L’illecito interpositorio si caratterizza da sempre per un accentuato polimorfismo. Nei rapporti con le pubbliche amministrazioni l’illecito può realizzarsi sia ricorrendo all’esternalizzazione, con lo schema committente pubblico (utilizzatore) – appaltatore – maestranze, sia con l’autoproduzione secondo lo schema amministrazione controllante (utilizzatrice) – società in house [[17]] – maestranze. Il primo schema l’abbiamo esaminato nel paragrafo precedente, il secondo merita di essere indagato attentamente in ragione della maggiore raffinatezza dello strumento elusivo e per le diverse aporie che emergono nell’analisi dell’apparato repressivo e sanzionatorio. Analogamente a quanto accade negli appalti pubblici “non genuini” anche il ricorso all’in house providing si presta a essere impiegato come schermo in grado di assicurare ingenti risparmi di spesa all’amministrazione controllante (oltre a garantire una sensibile semplificazione delle procedure di reclutamento). La riduzione dei costi per il personale è legata al differenziale tra i costi aziendali cui va incontro la società in house (con retribuzioni e contribuzioni inferiori e minori tutele) e i costi che l’amministrazione avrebbe dovuto sostenere se avesse assunto le maestranze direttamente alle proprie dipendenze [[18]]. Come pure evidenziato dalla giurisprudenza di legittimità [[19]], le società in house costituiscono articolazioni della pubblica amministrazione da cui promanano e non soggetti giuridici realmente esterni e autonomi. Tale connotazione fa sì che gli organi di tali società, proprio in ragione degli intensi vincoli gerarchici con la p.a. controllante, possano considerarsi avvinti da un rapporto di servizio con la p.a. [[20]] anche ai fini della responsabilità erariale, così come accade per i dirigenti preposti ai servizi erogati direttamente dall’ente pubblico [[21]]. Del resto, qualora si riconoscessero in capo alla società in house autonomi poteri decisionali e/od organizzativi (tipici dell’imprenditore), svincolati dall’etero­direzione e dall’influenza dominante da parte dell’amministrazione, rischierebbero di venir meno gli inderogabili presupposti che devono sussistere per garantire il c.d. “controllo analogo” [[22]]. In altri [continua ..]


3.1. Il rischio economico nelle società in house

Si è visto come gli affidamenti in house creino tensioni con entrambi i requisiti richiesti dall’art. 29, 1° comma, del d.lgs. n. 276/2003. La necessaria sussistenza di un concreto rischio di impresa in capo alla società datrice di lavoro merita ancora ulteriori approfondimenti.
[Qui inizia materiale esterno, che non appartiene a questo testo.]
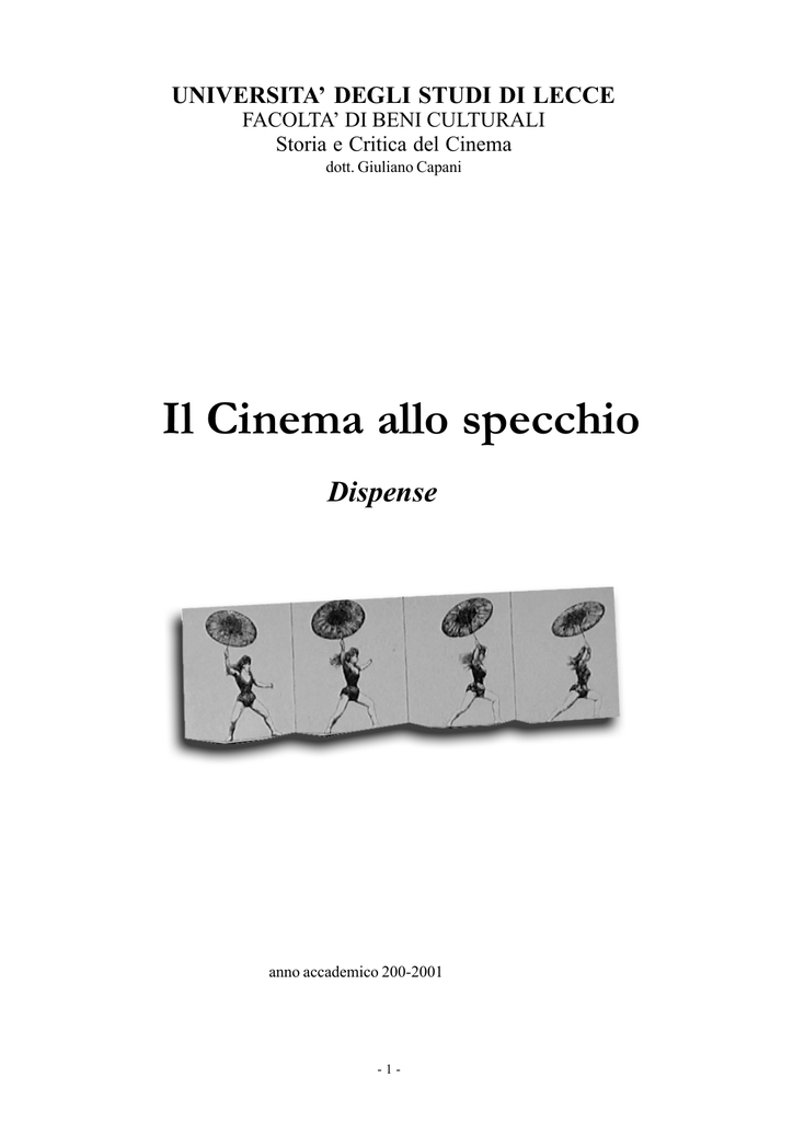 UNIVERSITA’ DEGLI STUDI DI LECCE FACOLTA’ DI BENI CULTURALI Storia e Critica del Cinema dott. Giuliano Capani Il Cinema allo specchio Dispense anno accademico 200-2001 -1- Indice Introduzione 3 Meta in Italy 4 Psicologia dello spettatore: aspetti dinamici 11 Grammatica cinematografica e percezione dello spettatore 21 Carteggio Reich - Ejzenstejn 27 La percezione nel Cinema 31 Il Cinema secondo “Effetto notte” di F. Truffaut 34 Alcune riflessioni sul montaggio cinematografico 36 La nozione di montaggio in R. Arnheim e S.M. Ejzenstein 49 Appendice 58 Manifesto dell’Asincrono 59 Schede: “Sotto gli ulivi” di A. Kiarostami 61 “Effetto Notte” di F. Truffaut 65 -2- Introduzione Il cinema nel cinema. Questo il tema del Corso monografico dell’ accademico 2000-2001: il che cinema riflette su se stesso, parla di se stesso e sembra svelare i retroscena, i backstage, cosa succede dietro la macchina da presa, quali sono le forze in campo che determinano le scelte stilistiche di registi e operatori, ma anche come il cinema determina i loro comportamenti, in che maniera si inserisce e modifica la vita di chi lo fa. I film che hanno come soggetto il cinema a volte parlano del fenomeno cinema in generale (come Nitrato d’argento di M. Ferreri, Effetto notte di F. Trouffaut, Good Morning Babilonia di P. e V. Taviani) ce ne svelano i segreti, la storia, le abitudini, le reazioni del pubblico; altre volte focalizzano l’attenzione principalmente su uno specifico elemento: il fascino del cinema come fabbrica dei sogni, delle aspirazioni ad una vita felice ed ideale e il conseguente impatto traumatico che l’interazione con la macchina cinema provoca nella vita reale (come Bellissima di L. Visconti, L’uomo delle stelle di G. Tornatore, o Sotto gli ulivi di A. Kiarostami). Celluloide di C. Lizzani poi racconta il farsi del film: Roma città aperta di R. Rossellini documentandone con pignoleria il percorso produttivo e le vicende storico artistiche del primo film neorealista. Nuovo cinema paradiso di G. Tornatore è un vero e proprio omaggio al cinema in un momento di profonda crisi che le sale stavano attraversando. La rosa purpurea del Cairo di W. Allen ci fa piombare in uno spazio onirico senza ritorno, nel quale spettatori e attori entrano ed escono dallo schermo rincorrendo le proprie ombre. Ma è con Fellini 8½ che il cinema riflette se stesso come in un gioco di scatole cinesi. È il primo film autoreferenziale nel senso che non parla del cinema o di un altro film, ma proprio del film che si sta facendo nel momento stesso in cui le riprese vengono effettuate. Nei film che parlano del cinema assistiamo ad una sorta di espansione virtuale dell’inquadratura. Tutto ciò che nel film non viene inquadrato, perché parte dell’apparato produttivo, si manifesta allo spettatore operando una sorta di sfondamento del quadro che ci permette, da una parte di inoltrarci nei territori dell’universo cinema, dall’altra di invertire la rotta tra il guardare ed essere guardati. Il corso di quest’anno ci offre l’opportunità di avvicinarci al cinema in maniera più diretta, non parleremo solo di registi e di film, ma sarà affrontato il fenomeno cinema come un universo nel quale concorrono varie forze, esterne (lo spettatore) ed interne, (l’apparato cinematografico) a determinarlo. Si parla, dunque, in queste dispense, del cinema e la sua grammatica, dei presupposti tecnici e biofisiologici del montaggio, dei fenomeni psichici percettivi che ne sono alla base. Di tutte quelle tematiche, dunque, che costituiscono la struttura portante di questa arte nuovissima a soli cent’anni della sua nascita. L’idea di offrire agli studenti un approccio al cinema in profondità, andando oltre una pedante storicità, nasce dalla considerazione che per la comprensione di questa particolare arte è più efficace smontarne la scatola produttiva per ‘incorporarla’ nella propria esperienza. Gli studenti, infatti, oltre che studiarne la storia, quest’anno hanno organizzato un cineforum e si apprestano a realizzare dei ‘corti’ con le loro telecamere amatoriali. Questa esigenza di provarsi con la ‘macchina cinema’ alla luce delle esperienze di studio svolte forse sta a significare che i percorsi di conoscenza non possano prescindere dall’azione. Crediamo, infatti, che l’uomo non debba soltanto sapere, ma anche saper fare. Giuliano Capani -3- META IN ITALY In questo articolo Marcello Walter Bruno traccia un percorso storico sui film che hanno per soggetto il cinema. Ci sembra estremamente interessante proporlo in apertura di queste dispense per avere subito un panorama abbastanza completo su questo tema. La via nazionale al cinema sul cinema Trent’anni di riflessioni cinematografiche: da 8 ½ a Nuovo Cinema Paradiso di Marcello Walter Bruno Il metacinema moderno è nato in Italia nel 1963, con un’opera firmata e numerata: Fellini 8 ½ Fellini 8 ½ è un film autoreferenziale fin dal titolo: si tratta, infatti, dell’opera che nella filmografia di Fellini arriva dopo sei lungometraggi, due episodi e il film d’esordio firmato a metà con Lattuada. Ma l’autoreferenzialità, come ha notato Cristian Metz nel suo saggio contenuto in Semiologia del cinema (Garzanti, Milano 1972), si spinge al punto di fare di 8 ½ il primo vero caso di “costruzione in abisso” di tutta la storia del cinema: “Non abbiamo soltanto un film sul cinema, ma un film su un film che a sua volta verte sul cinema; non soltanto un film su un cineasta, ma un film su un cineasta che riflette egli stesso sul proprio film. Una cosa è mostrare, in un film, un secondo film il cui soggetto non ha o ha pochi rapporti con quello del primo (Le silence est d’or di Renoir); un’altra cosa è invece parlare, in un film, di questo stesso film mentre si va facendo. Una cosa è presentare, in un film, il personaggio di un cineasta che si limita a evocare debolmente, o soltanto a tratti, l’autore del vero film (Prigione d
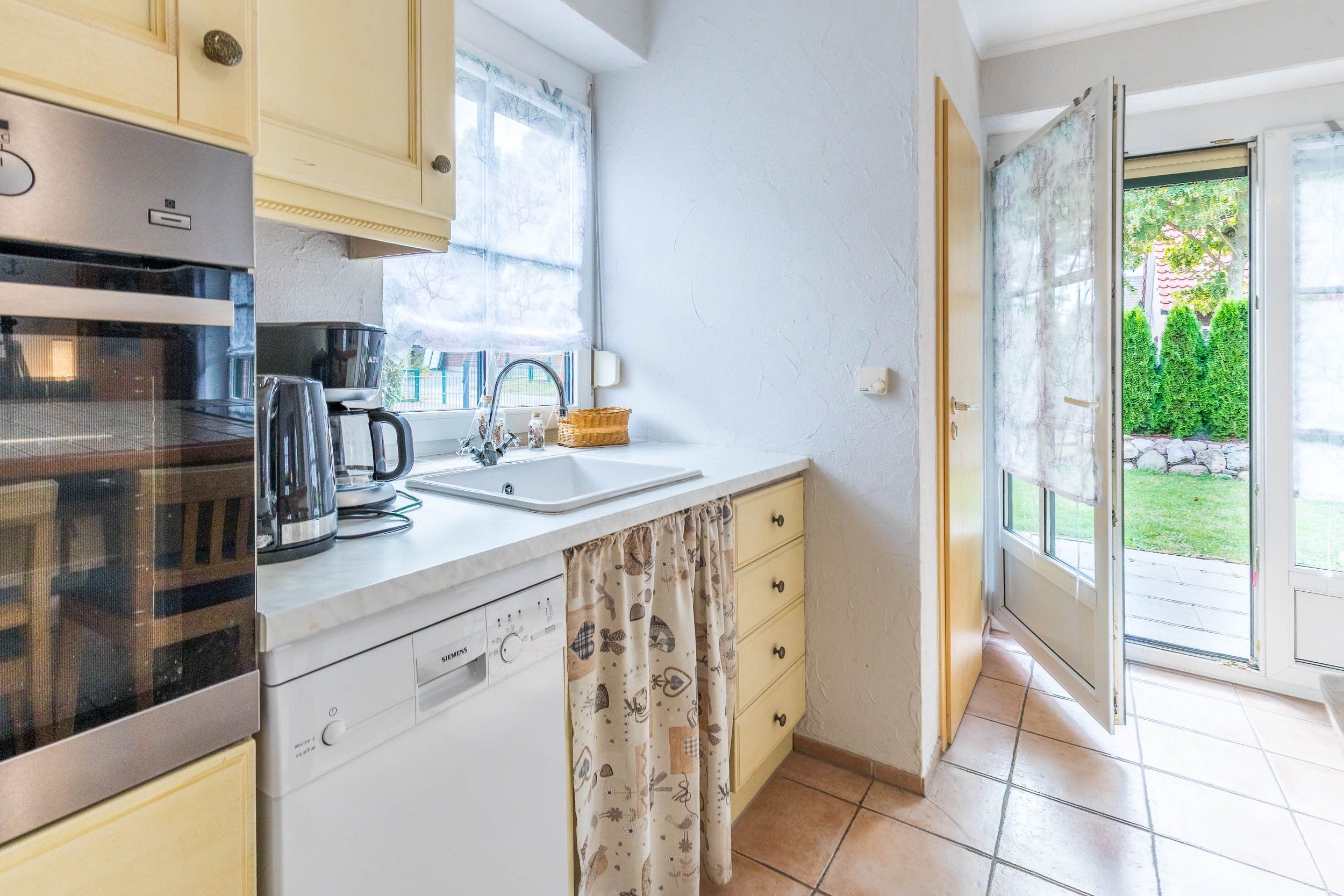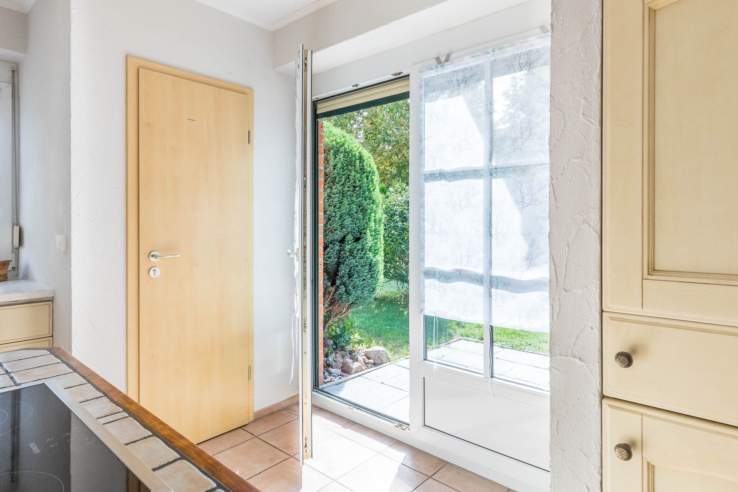 Die möblierte Südwestterrasse erreichen Sie sowohl über den Wohn- als auch über den Küchenbereich.

Per valutare la sussistenza di un autentico rischio di impresa in tema di appalto genuino, la giurisprudenza ha proposto un’interpretazione che valorizza il c.d. rischio economico, funzionalmente collegato alla gestione dell’attività appaltata. Si tratta, in particolare, del rischio di non coprire i costi di lavoro (salari) e di capitale (denaro investito, macchinari ed attrezzature, interessi sui finanziamenti, canoni di locazione di macchine e attrezzature) con il ricavato dell’appalto [[27]]. Ebbene, già la struttura societaria delle società in house mette in crisi questo paradigma. Se l’ente controllante è azionista unico della società in house risponde in modo illimitato delle posizioni debitorie assunte dalla società in house, sicché eventuali perdite finiscono per dover necessariamente ripianate dall’azionista unico [[28]], che dispone, per definizione, solo e soltanto di risorse pubbliche. Nelle società in house sottoposte al controllo congiunto di più enti pubblici le eventuali perdite saranno distribuite pro quota (se pur in assenza di un obbligo solidale verso i terzi), ma sempre con risorse erariali; il che induce a dubitare della sussistenza di un rischio di impresa assimilabile a quello di cui si devono far carico gli imprenditori formalmente e sostanzialmente privati. Se a ciò si aggiunge che le società in house, così come si è evidenziato nel paragrafo precedente, beneficiano di una “domanda pubblica garantita”, senza essere esposte al rischio di perdere la propria clientela (e/o perdere le proprie commesse in ragione della pressione competitiva di altre aziende) se ne ricava una fortissima marginalizzazione dei rischi e uno scarso incentivo all’innovazione e alla competitività (con effetti negativi sull’efficienza ed economicità dei servizi resi nel medio e lungo periodo). L’indagine sulla componente aleatoria del rapporto può condursi anche analizzando l’equilibrio economico del singolo affidamento. In questa diversa prospettiva occorre accertare [continua ..]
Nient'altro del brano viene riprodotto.